Глаза у нее были мокрыми. Люция плакала, и это уже заметили все.

— Ты никогда не поймешь, — сказала она. — Перестань писать мне стихи. Ты добрый, милый, симпатичный, но ты еще совсем не созрел и ничего не понимаешь. Все это очень серьезно. Ты просто не знаешь, насколько серьезно все это, с народным духом. Ты даже не можешь себе представить. А ты не хочешь определиться, понимаешь? Неужели так тяжело определиться? Вон даже Земанек… — Она не закончила, не посмотрела мне в глаза, не повернулась ко мне, и я видел, что она опустила голову и заплакала; грудная клетка поднималась и опускалась, как корабль, неподвластный воле чуждого ему моряка.

Потом откуда-то сзади, с задних рядов появился Земанек и разрядил ситуацию — запел какую-то шуточную народную песню, все подхватили, скоро к пению присоединилась и Люция, она пела, а слезы стояли у нее в глазах. А автобус ехал в Стоби.
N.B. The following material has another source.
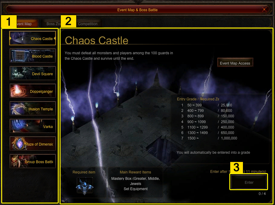 Mapa de eventos: Chaos Castle, Blood Castle, Devil Square, Doppelganger, Illusion Temple, Varka, Maze of Dimension, Boss Battle Together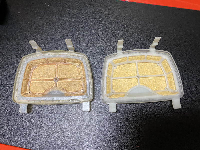 左がそれ、右が後日改めて購入した純正品。ぱっと見は同じですが、左はフリースの吹きつけ?や細部の処理がアバウトです。それ以上に、嵌合が甘いんだと思います。フィルターの意味ないですね。

В Стоби мы провели целый день. Земанек развлекал всех, распевая народные песни; ему подыгрывали на гитаре и на гармошке, и скоро все уже пели и плясали на лугу. Тайно, чтобы не видели учителя, пили водку из темных бутылочек из-под сока. Было жарко, все вспотели, но все были счастливы, а у меня душа болела из-за Люции, которая сидела на лугу, как русалка, как бабочка, как буква «Ж», буквица из древней рукописи, между своими подружками, буквами помельче; она была самая красивая из всех, самая зрелая, настоящая буква-женщина, одетая во все красное; сидела и подпевала. Откуда-то появился и джип физкультурника; он, простой и грубый, каким его создал Господь, сразу направился к группе на лугу и бросил Земанеку, что у него голос как у евнуха; он сказал, что Земанек поет, как кастрат. Потом добавил: «Слушай, как надо петь» — и начал отвратительно выкрикивать какую-то, вообще-то нежную, любовную песню, стал бить себя в волосатую грудь (он к тому же носил на шее темную тяжелую золотую цепь с крестом, потому что тогда было модно представляться христианином), и всем пришлось подхватить, потому что для нас он был властью, а когда власть поет, то запоешь и запляшешь и ты. И замаршируешь под песню о любви.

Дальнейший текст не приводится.